** Given entries follows **

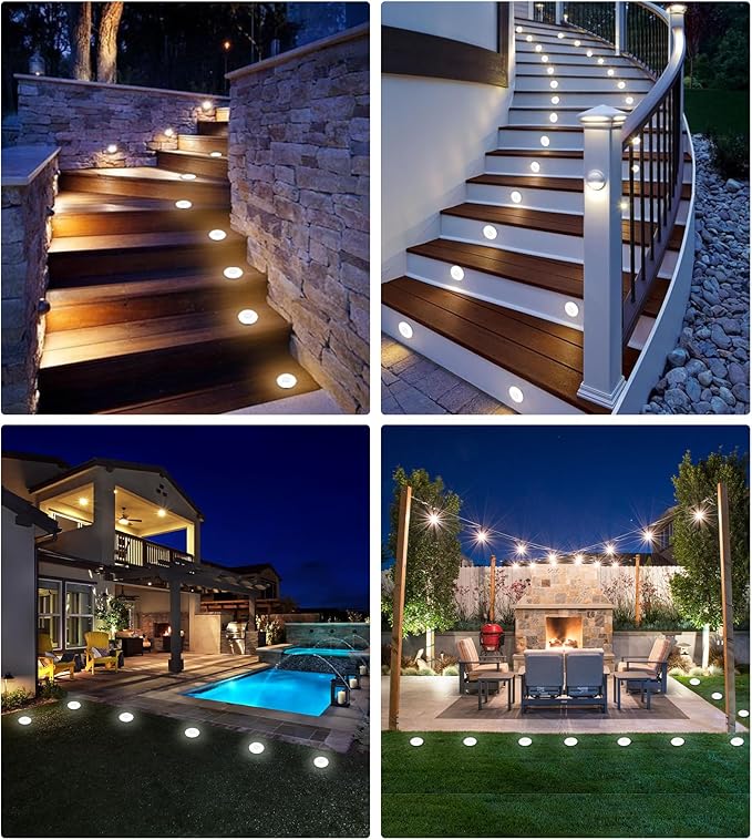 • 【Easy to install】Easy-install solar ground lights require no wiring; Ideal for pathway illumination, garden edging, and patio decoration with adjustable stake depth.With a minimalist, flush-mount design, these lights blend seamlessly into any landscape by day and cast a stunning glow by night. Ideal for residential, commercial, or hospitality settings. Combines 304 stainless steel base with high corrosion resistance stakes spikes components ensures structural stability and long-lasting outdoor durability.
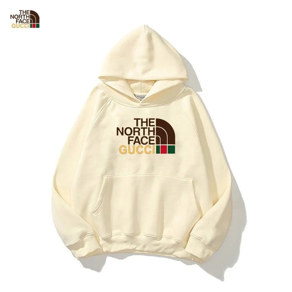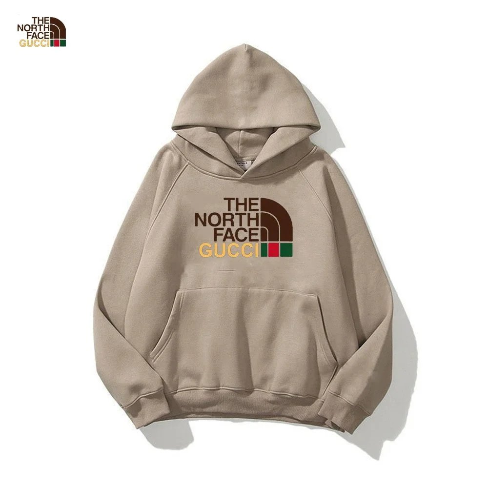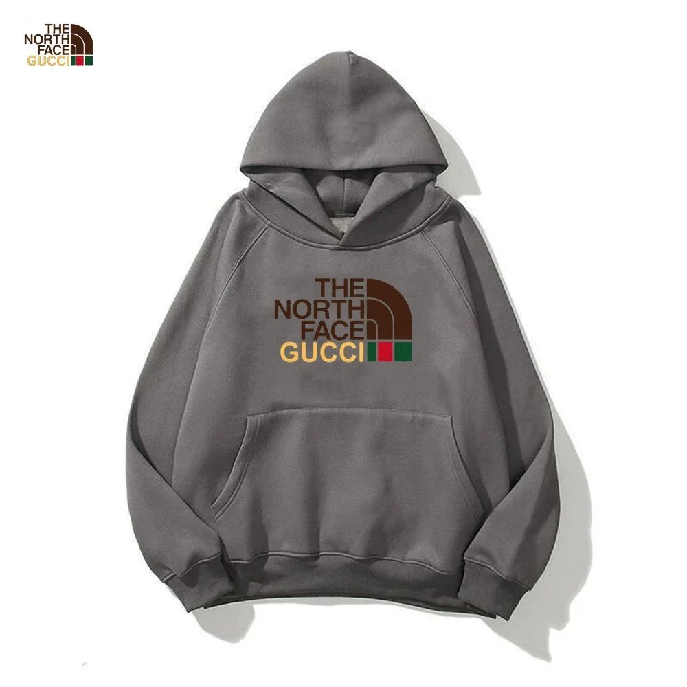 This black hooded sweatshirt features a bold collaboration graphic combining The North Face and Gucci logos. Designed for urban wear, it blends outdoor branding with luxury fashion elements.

** End of Given entries **
** Given entries follows **

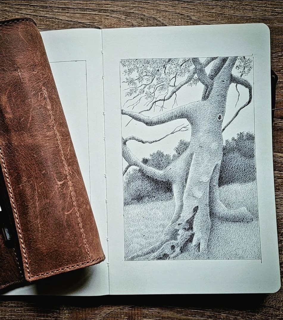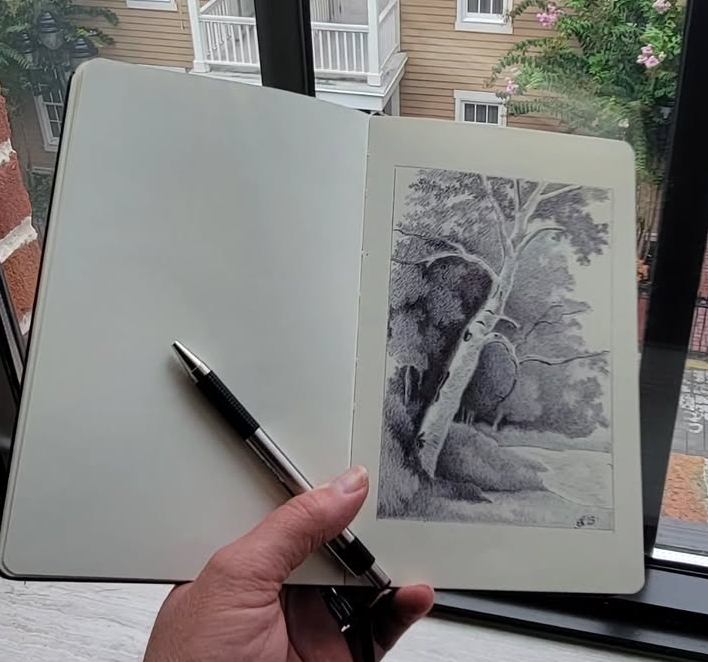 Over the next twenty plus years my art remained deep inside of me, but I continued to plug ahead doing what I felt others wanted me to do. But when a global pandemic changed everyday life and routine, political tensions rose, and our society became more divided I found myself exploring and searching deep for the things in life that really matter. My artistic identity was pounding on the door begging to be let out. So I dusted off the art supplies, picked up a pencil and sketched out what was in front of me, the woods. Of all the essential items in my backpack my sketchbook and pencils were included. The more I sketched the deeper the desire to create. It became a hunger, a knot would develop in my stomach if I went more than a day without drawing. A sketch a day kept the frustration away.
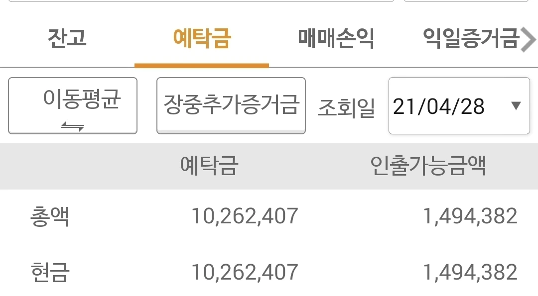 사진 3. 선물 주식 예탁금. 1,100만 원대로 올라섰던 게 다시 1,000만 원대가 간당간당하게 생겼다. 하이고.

** End of Given entries **
** Given entries follows **

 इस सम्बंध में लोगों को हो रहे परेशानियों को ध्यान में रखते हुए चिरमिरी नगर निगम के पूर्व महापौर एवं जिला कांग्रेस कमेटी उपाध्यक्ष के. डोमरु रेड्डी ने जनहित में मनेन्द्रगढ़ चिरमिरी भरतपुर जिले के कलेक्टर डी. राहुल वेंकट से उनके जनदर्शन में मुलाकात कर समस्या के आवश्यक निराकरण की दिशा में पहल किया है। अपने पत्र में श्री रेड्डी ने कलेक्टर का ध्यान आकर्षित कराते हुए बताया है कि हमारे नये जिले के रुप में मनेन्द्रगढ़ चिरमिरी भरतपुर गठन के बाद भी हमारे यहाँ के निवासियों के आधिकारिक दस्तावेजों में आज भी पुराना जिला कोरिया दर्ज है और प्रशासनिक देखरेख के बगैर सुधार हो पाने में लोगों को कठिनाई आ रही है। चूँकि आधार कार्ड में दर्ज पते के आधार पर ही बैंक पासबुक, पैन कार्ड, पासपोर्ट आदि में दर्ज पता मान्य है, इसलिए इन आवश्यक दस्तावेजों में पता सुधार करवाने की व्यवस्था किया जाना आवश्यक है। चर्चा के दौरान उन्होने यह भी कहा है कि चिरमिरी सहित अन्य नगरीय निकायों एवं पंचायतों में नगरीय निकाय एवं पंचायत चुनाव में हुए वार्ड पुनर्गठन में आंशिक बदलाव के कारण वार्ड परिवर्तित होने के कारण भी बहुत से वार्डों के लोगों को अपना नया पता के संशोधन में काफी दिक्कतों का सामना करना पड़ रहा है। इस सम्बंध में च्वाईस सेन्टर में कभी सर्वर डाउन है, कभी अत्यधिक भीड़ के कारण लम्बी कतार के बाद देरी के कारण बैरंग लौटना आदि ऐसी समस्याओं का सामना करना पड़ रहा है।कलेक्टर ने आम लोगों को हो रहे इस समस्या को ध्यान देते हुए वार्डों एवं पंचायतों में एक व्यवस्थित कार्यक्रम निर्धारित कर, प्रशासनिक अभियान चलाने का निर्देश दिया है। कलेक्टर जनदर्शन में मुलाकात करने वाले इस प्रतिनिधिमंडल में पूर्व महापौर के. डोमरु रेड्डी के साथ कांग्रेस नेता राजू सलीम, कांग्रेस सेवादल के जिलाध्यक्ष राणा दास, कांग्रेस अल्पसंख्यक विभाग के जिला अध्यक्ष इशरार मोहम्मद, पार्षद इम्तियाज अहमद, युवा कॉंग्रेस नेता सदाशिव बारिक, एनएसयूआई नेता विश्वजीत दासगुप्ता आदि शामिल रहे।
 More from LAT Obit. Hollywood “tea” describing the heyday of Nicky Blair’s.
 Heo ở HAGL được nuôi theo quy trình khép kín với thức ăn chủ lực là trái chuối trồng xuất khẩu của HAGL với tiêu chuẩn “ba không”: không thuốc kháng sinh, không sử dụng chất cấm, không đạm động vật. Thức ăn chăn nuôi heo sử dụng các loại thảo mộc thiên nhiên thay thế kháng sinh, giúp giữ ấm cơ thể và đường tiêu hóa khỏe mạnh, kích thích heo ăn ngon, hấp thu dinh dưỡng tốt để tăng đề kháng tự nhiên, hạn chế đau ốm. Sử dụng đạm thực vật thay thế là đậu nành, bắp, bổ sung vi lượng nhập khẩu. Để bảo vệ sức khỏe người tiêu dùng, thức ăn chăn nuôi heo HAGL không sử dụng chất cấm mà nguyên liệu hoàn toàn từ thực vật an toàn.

** End of Given entries **

### Exercise directions:
Look above for the line with "long-lasting outdoor durability."; quote it and every line after it, stopping after the line with "This black hooded", exactly, with nothing added and without pictures.

### Solution:
 • 【Easy to install】Easy-install solar ground lights require no wiring; Ideal for pathway illumination, garden edging, and patio decoration with adjustable stake depth.With a minimalist, flush-mount design, these lights blend seamlessly into any landscape by day and cast a stunning glow by night. Ideal for residential, commercial, or hospitality settings. Combines 304 stainless steel base with high corrosion resistance stakes spikes components ensures structural stability and long-lasting outdoor durability.
 This black hooded sweatshirt features a bold collaboration graphic combining The North Face and Gucci logos. Designed for urban wear, it blends outdoor branding with luxury fashion elements.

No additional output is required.